The process involved in forensic investigation is very much important as it decides the efficiency of output of the investigation. Any inclusion or exclusion or modification of steps in the investigation process may lead to wrong and incomplete results. If the investigation is not properly conducted, it will make the criminal to walk free in the streets or an innocent can be punished (Baryamureeba & Tushabe, 2004). The digital forensics is said to be the usage of technically proven methods for collecting, validating, preserving, analysis and identification of evidences from the digital sources for supporting the events in criminal cases. The important factor to be considered in the digital forensics is the creditability. The evidences from digital sources cover the computer devices, audio, video, image, mobile phones, faxes etc. The evidences should have the properties such as authentication of person, integrity, non interference, recoverability and so on.
The primary objective of this process is to obtain the digital evidence and analyze it same as the physical crime scene investigation. The preservation phase protects the digital evidence for the further investigation relating with the crime scene. The survey phase involves transforming the digital evidence from the crime location to the secured location. The documentation phase involves documenting the information about the digital evidence. The analysis and search phase involves the analysis of digital evidence to find the details of the data such as creation, modification and last accessed. Timeline information also collected to create the chain of events in the crime scene. The reconstruction phase involves putting together all the pieces of small information to form an evidence to support the crime scene. The presentation phase involves creating the evidence report and submitting to the case investigator for further investigation (Baryamureeba & Tushabe, 2004).
The following diagram shows the systematic digital forensic model with the set of processes involved in it (Agarwal, Gupta, Gupta, & Gupta, 2011).
The digital forensic investigation methodology can be performed in the following eight steps:
The first step is the verification of the incident and assessing the case in all dimensions. The verification involves analyzing the situation, the nature and other specifications of the incident. This step is very much important as this is useful in finding the characteristic of the case and helpful to select the suitable approach for identifying, preserving and collecting the digital evidences.
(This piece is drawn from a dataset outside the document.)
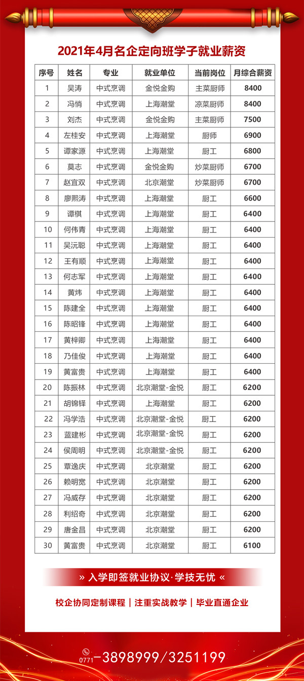 广西华南烹饪技工学校与国内500余家优质餐饮用人单位达成长期合作协议,定向培养行业紧缺的复合型烹饪人才。学生入学即签订就业服务协议,毕业后面向全国各地双向选择,对口安置就业。

- Description of the system
This step involves the collection of data related to the particular incident. Here, the description of the system where the incident happened. This description consists of details about the system and its importance inside the organization. The details such as the structure of the system configuration, OS, hard disk format, RAM and other memory locations where the evidence may reside.
- Gathering of evidence
This step involves identifying all the expected sources of data that may be in permanent or temporary storage, the originality of the data and ensuring the chain of custody. It is better to collect the entire data than collecting the less data as the investigator does not know where the evidence is present. It is also significant to collect the data based on priority of sources of data.
- Timeline Analysis
After collecting the evidence data from the sources of the system, investigation of digital evidence can be done using forensic tools. This is a very critical step in forensic investigation methodology as it gives the information about when the file is created, modified and accessed. This timeline information can be used to find the chain of events occurred in the criminal event.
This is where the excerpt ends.